Politics have taken centrestage over the larger social issue that is having a large impact across the city. Political parties are leaving no stone unturned to show how much they care for the citizens. Recently, the Maharashtra Navnirman Sena protested outside the mayor's house — which also happens to be Lokmanya Tilak's house — and threw garbage at her doorstep. The Congress too organised a protest march to the PMC, and gifted garbage to the officials. But amid all the protests, no one tried to end the deadlock.

It was the Congress-NCP regime that was previously at the PMC, and now it's the BJP-Shiv Sena regime. But nothing seems to have changed for the villagers. Shiv Sena MLA Vijay Shivtare used to participate in protests against the previous administration, but the situation has turned on its head now. It's now NCP's Supriya Sule who is participating in the agitations while Shivtare remains silent.

Sule, following a protest on Thursday, demanded Prime Minister Narendra Modi to look into the matter, saying the state government is not resolving it. "Modi started 'Swacch Bharat Abhiyan'. But Pune seems to be going in the opposite direction. Modi should intervene now," she said.
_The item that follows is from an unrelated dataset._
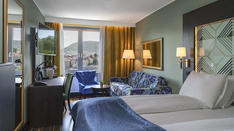 Die Zimmer im Thon Hotel Orion bieten modernen Komfort und kostenfreies WLAN. Jedes Zimmer verfügt über einen Schreibtisch und ein eigenes Bad mit einem Haartrockner. Kaffee und Tee stehen Ihnen jederzeit kostenfrei zur Verfügung. Das Hotel verfügt über rollstuhlgerechte Einrichtungen und bietet insgesamt 229 Zimmer auf 11 Etagen.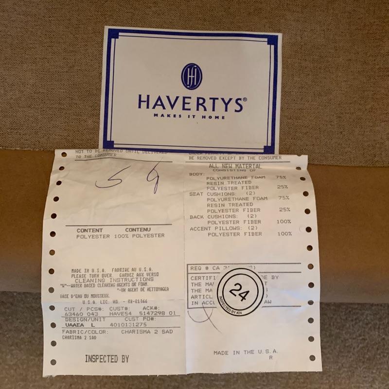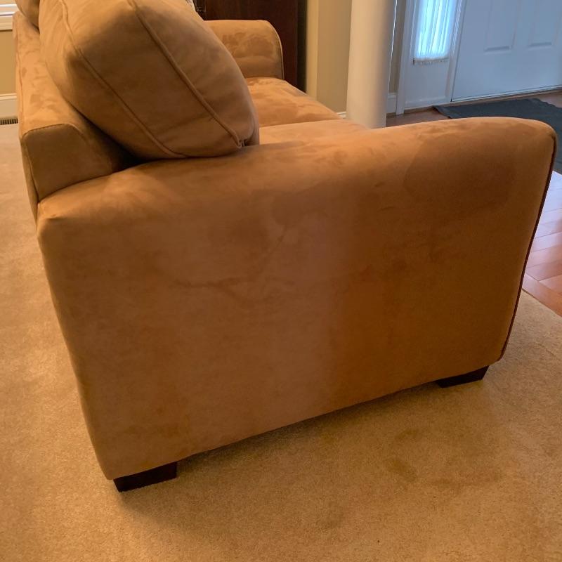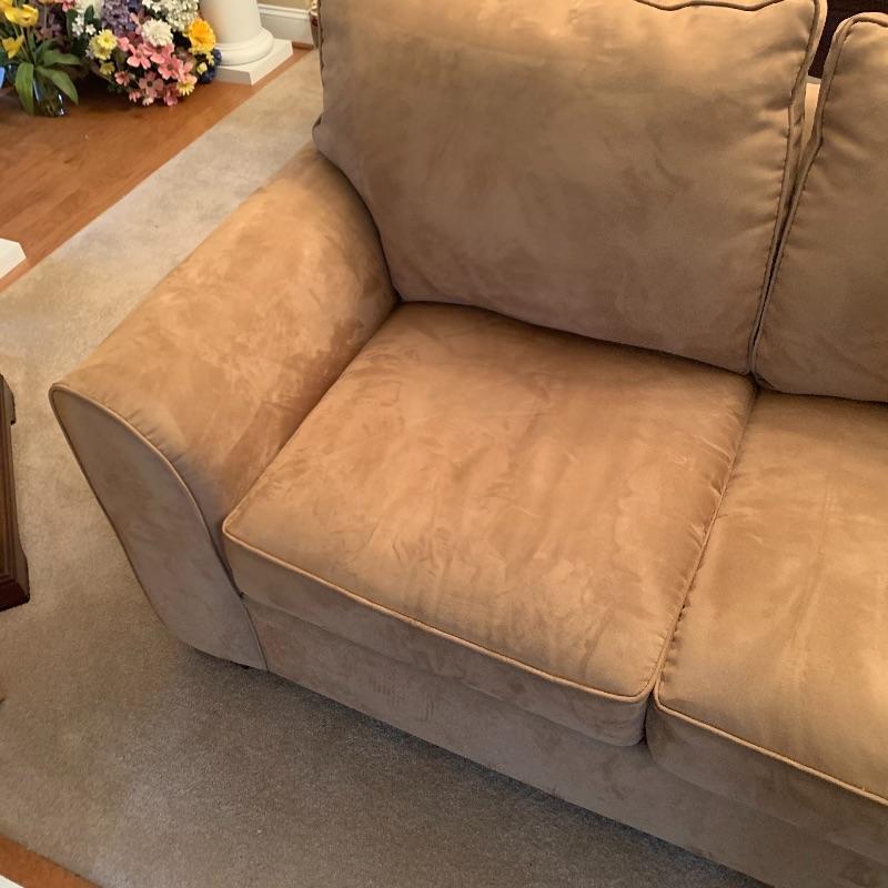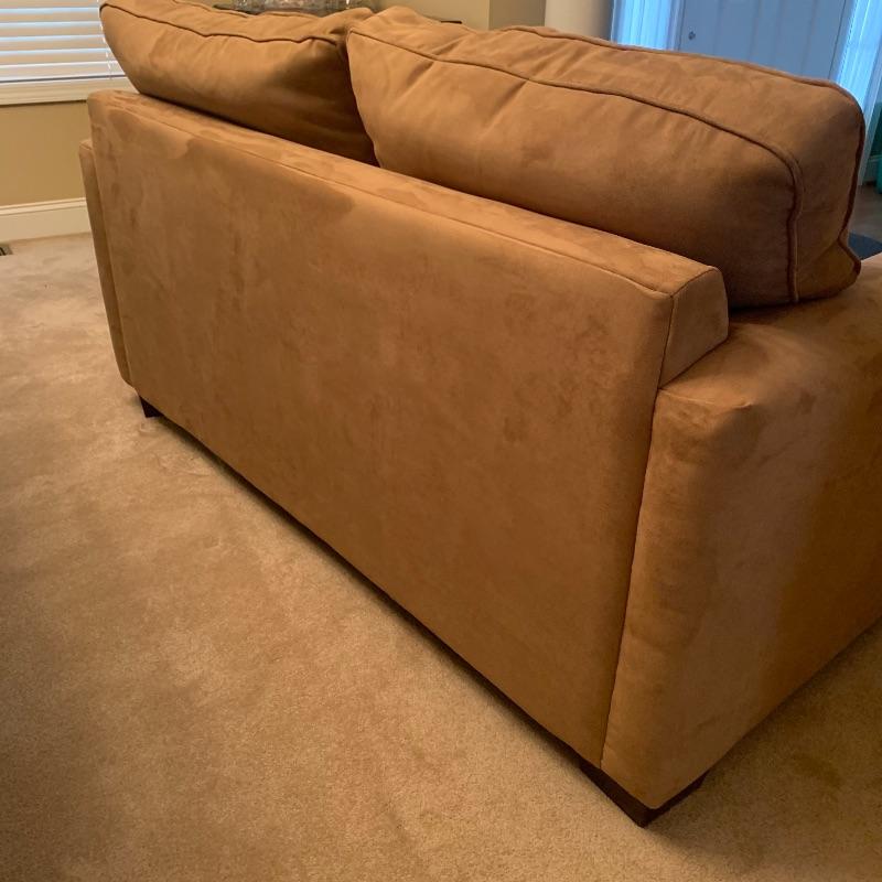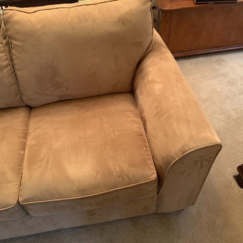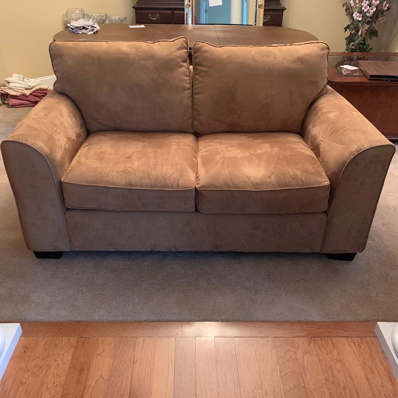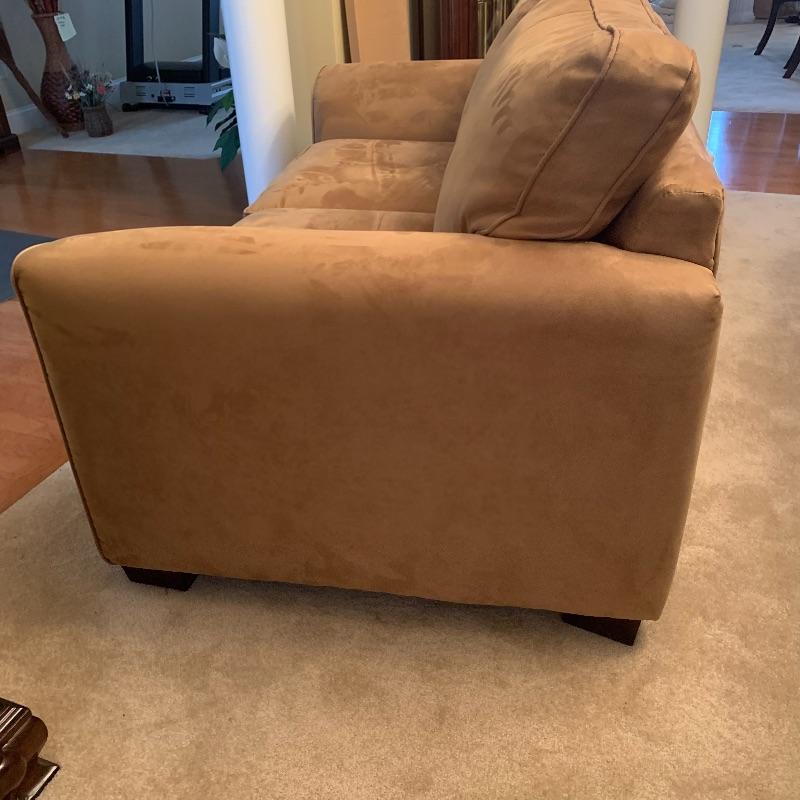 This camel colored four cushion loveseat is in good condition and very comfortable. All polyester materials but the fabric is that microfiber (easy clean). Piece measures 64” x36” x 34” with seat height being 17”. Please bring help to load. Local pick up only.

Gawade, representing the PMC, said the corporation has found an alternative dumping ground near Pimpri Sandas. "Land procurement is in the final stages. We are also setting up a processing unit which will process 500 tonnes of garbage everyday at the Uruli depot. But we are facing opposition in Pimpri as well. We don't have any other options in hand," he said, revealing that the authorities have no plans of shutting the Uruli depot anytime soon.

Governments have changed but the issue remains unresolved. Lack of political will is hurting the issue, as the deadlock continues. Villagers organised the depot's funeral and hoped that this wish will come true. But will the protest push the government to find a permanent solution? Or will the villagers call off their protest following some more promises? The question remains unanswered at the moment as the impasse continues.